Large Pontine Cavernoma with Hemorrhage: Case Report on Surgical Approach and Recovery

J. Clin. Med. 2025, 14(7), 2358; https://doi.org/10.3390/jcm14072358
by Corneliu Toader 1,2,†, Matei Serban 1,2,3,*, Lucian Eva 4,*, Daniel Costea 5,†, Razvan-Adrian Covache-Busuioc 1,2,3, Mugurel Petrinel Radoi 1,2, Alexandru Vlad Ciurea 1,6,7 and Adrian Vasile Dumitru 8,9
Reviewer 1:
Reviewer 2:
Reviewer 3: Anonymous
J. Clin. Med. 2025, 14(7), 2358; https://doi.org/10.3390/jcm14072358
Submission received: 28 January 2025 / Revised: 1 March 2025 / Accepted: 26 March 2025 / Published: 29 March 2025

Round 1

Reviewer 1 Report

Comments and Suggestions for Authors

The manuscript by Toader et al, named “Senna’s Spirit in the OR: Precision and Poise in Managing a  Large Pontine Cavernoma” is a case report presenting the successful surgical treatment of a giant hemorrhagic cavernous angioma.  The authors focus their report on a 47-year-old female who presented with acute neurological deterioration due to a giant pontine cavernoma, complicated by intralesional hemorrhage. The paper describes the use of the left-sided pterional transsylvian approach in a patient with a giant hemorrhagic pontine cavernoma. The procedure successfully evacuated the hematoma to relieve brainstem compression, achieved subtotal cavernoma resection while preserving critical pathways, and led to significant post-op neurological recovery, including restored motor function and swallowing.

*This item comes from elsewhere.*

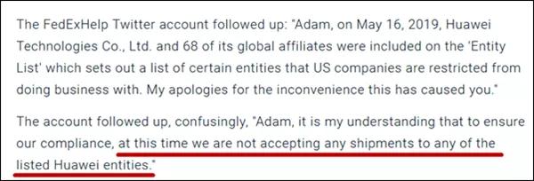 而联邦快递客服账号“FedExHelp”也在推特上联系到史密斯,表示“5月16日美国将华为及其68个子公司列入‘实体清单’,美国公司被限制了与清单所列某些实体的业务往来,给您带来不便深感抱歉。”

This case highlights the effectiveness of the transsylvian pterional approach in treating deep-seated pontine lesions while minimizing neurological complications. This case illustrates the complexities of treating brainstem cavernomas, emphasizing the crucial role of advanced imaging, precise surgical planning, and collaborative multidisciplinary care in achieving a favorable outcome. Additionally, it highlights the need to address unresolved challenges in the field, including optimal timing for intervention and long-term prognostic considerations, providing valuable contributions to the ongoing discourse on these rare yet formidable lesions.

The article is written in good English, with ​a clearly illustrated Results section. It also has a sufficient introduction and well-structured Discussion that provides a comprehensive overview of key studies in the management of brainstem cavernomas, focusing on surgical techniques, treatment outcomes, imaging advancements, and long-term prognostics.

This reviewer thinks that the description of this case can be of general interest to many neurologists as well as special interest to some surgeons. I suggest the article may be accepted as is, if slitle change the Title.

The only problem this reviewer foresees is the Title of this manuscript which looks very strange to me. Do you mean Senna's ( a crazy driver ) approach to surgery? Maybe I am not on the topic and got it wrong, but I suggest changing the Title to just ”Precision and Poise in Managing a  Large Pontine Cavernoma” and omitting Senna’s spirit because it is not clear to international readers, or at least explain your title somewhere in the text.

 

Author Response

Dear Reviewer,

We sincerely appreciate your thoughtful and constructive feedback on our manuscript. Thank you for your careful evaluation and for recognizing the potential interest of this case report for both neurologists and neurosurgeons.

We acknowledge your concern regarding the title and understand that the reference to "Senna’s Spirit" may not be immediately clear to an international audience. In response to your valuable suggestion, we have revised the title to:

"Large Pontine Cavernoma with Hemorrhage: Case Report on Surgical Approach and Recovery"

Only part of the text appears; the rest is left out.